**INSTRUCTIONS TO FOLLOW**
Please retype the data below exactly, stopping after the line with "Dhiyona GR Women's" and skipping every picture.

Stored items

──────────

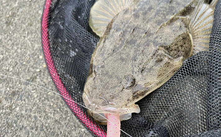 しっかりした重みが伝わりゴンゴンと強烈なファイト。バレないようにゴリ巻きを続ければ見えてきたのは白い腹にでかい口、マゴチの登場です。サイズは目測40cmと中型サイズ、まずは秋マゴチに出会えたことは何より嬉しいです。
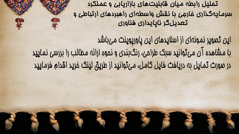 پاورپوینت کامل تحلیل رابطه میان قابلیتهای بازاریابی و عملکرد سرمایهگذاری خارجی با نقش واسطهای راهبردهای ارتباطی و تعدیلگر ناپایداری فناوری
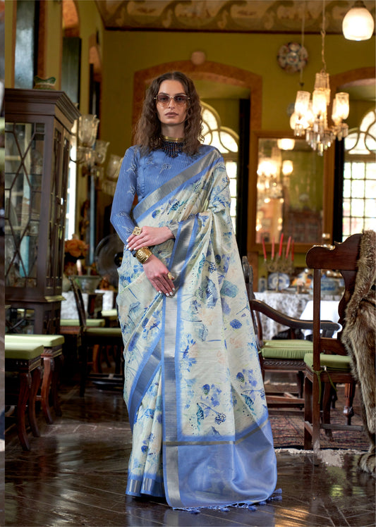 Dhiyona GR Women's Queen Blue Banarasi Digital Soft Silk Saree
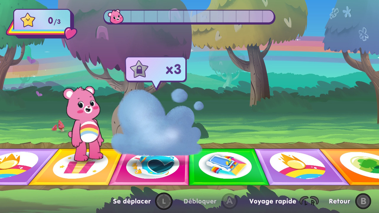 Commençons donc notre exploration avec le mode Aventure (qui correspond au mode histoire absent du jeu en réalité…). L’aventure commence donc sur un plateau de jeu en 2 dimensions faisant de prime abord penser à Mario Party (ou un autre party game du même genre)… On apprend en quelques mots qu’il faut collecter des étoiles pour libérer à nouveau la magie en progressant sur le plateau et en remportant des mini-jeux pour gagner les étoiles et là on se dit : « Ah cool, un pseudo Mario Party avec les Bisounours ! ». Mais très vite, on réalise que la dimension « jeu de plateau » que l’on espérait n’existe pas… Notre Bisounours imposé (GrosFarceur pour les connaisseurs), devra donc évoluer sur ce pseudo plateau comme bon lui semble (vers la droite de préférence), jusqu’à se retrouver face à un nuage noir qu’il faudra faire disparaitre en ayant collecté le nombre d’étoiles nécessaires (elles vont par paquets de cinq pour commencer).
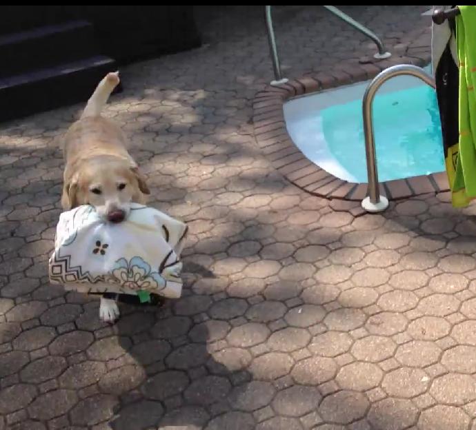Just Like A Professional Swimmer, This Labrador Gets Pool Towel From Closet, Brings Towel to Pool And Jumps In The Pool!
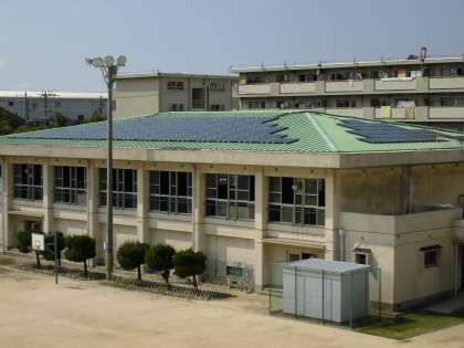 築港小学校講堂上に太陽光パネルが設置されました。発電された電力は講堂玄関横のモニターで見ることができるようになります。災害時にはモニター下のコンセントから直接電源として使うことができるようになりました。(※発電開始は10月頃の予定です。)
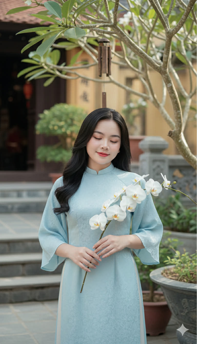 Sử dụng khuôn mặt giống 100% với ảnh được cung cấp, tạo nên một bức chân dung tuyệt đẹp, chất lượng cao. Một cô gái trẻ người Việt xinh đẹp, đứng dịu dàng trong khu vườn cổ truyền thống. Cô mặc một chiếc Áo dài cách thân rộng màu xanh pastel với chất liệu vải gấm, tay áo loe nhẹ. Mái tóc đen dài, uốn xoăn nhẹ phần đuôi, trang điểm tự nhiên, môi hồng nhạt. Cô cầm cành hoa lan hồ điệp trắng bằng cả hai tay, nhắm mắt mỉm cười nhẹ đầy thanh tao và duyên dáng. Phông nền là kiến trúc cổ Việt Nam, bậc đá, cây đại (sứ) có treo chuông gió, xung quanh là cây cảnh xanh mát và ánh nắng lọc qua tán lá. Ánh sáng mềm mại, ban ngày, tự nhiên, tạo cảm giác nhẹ nhàng, trong trẻo và đầy nữ tính. Bức ảnh mang phong cách thanh thuần, dịu dàng, cổ điển Việt Nam, tôn lên vẻ đẹp trong sáng của người con gái Á Đông. Phong cách ảnh: chân thực cao, điện ảnh, 8K, chi tiết cao, ánh sáng tự nhiên, tông màu nhẹ, bố cục cân đối, không gắt sáng. Góc máy: trung cảnh (medium shot), chụp từ chính diện hơi nghiêng, thấy toàn thân, tư thế đứng nhẹ nhàng tự nhiên

──────────

**TASK RESULT**
 しっかりした重みが伝わりゴンゴンと強烈なファイト。バレないようにゴリ巻きを続ければ見えてきたのは白い腹にでかい口、マゴチの登場です。サイズは目測40cmと中型サイズ、まずは秋マゴチに出会えたことは何より嬉しいです。
 پاورپوینت کامل تحلیل رابطه میان قابلیتهای بازاریابی و عملکرد سرمایهگذاری خارجی با نقش واسطهای راهبردهای ارتباطی و تعدیلگر ناپایداری فناوری
 Dhiyona GR Women's Queen Blue Banarasi Digital Soft Silk Saree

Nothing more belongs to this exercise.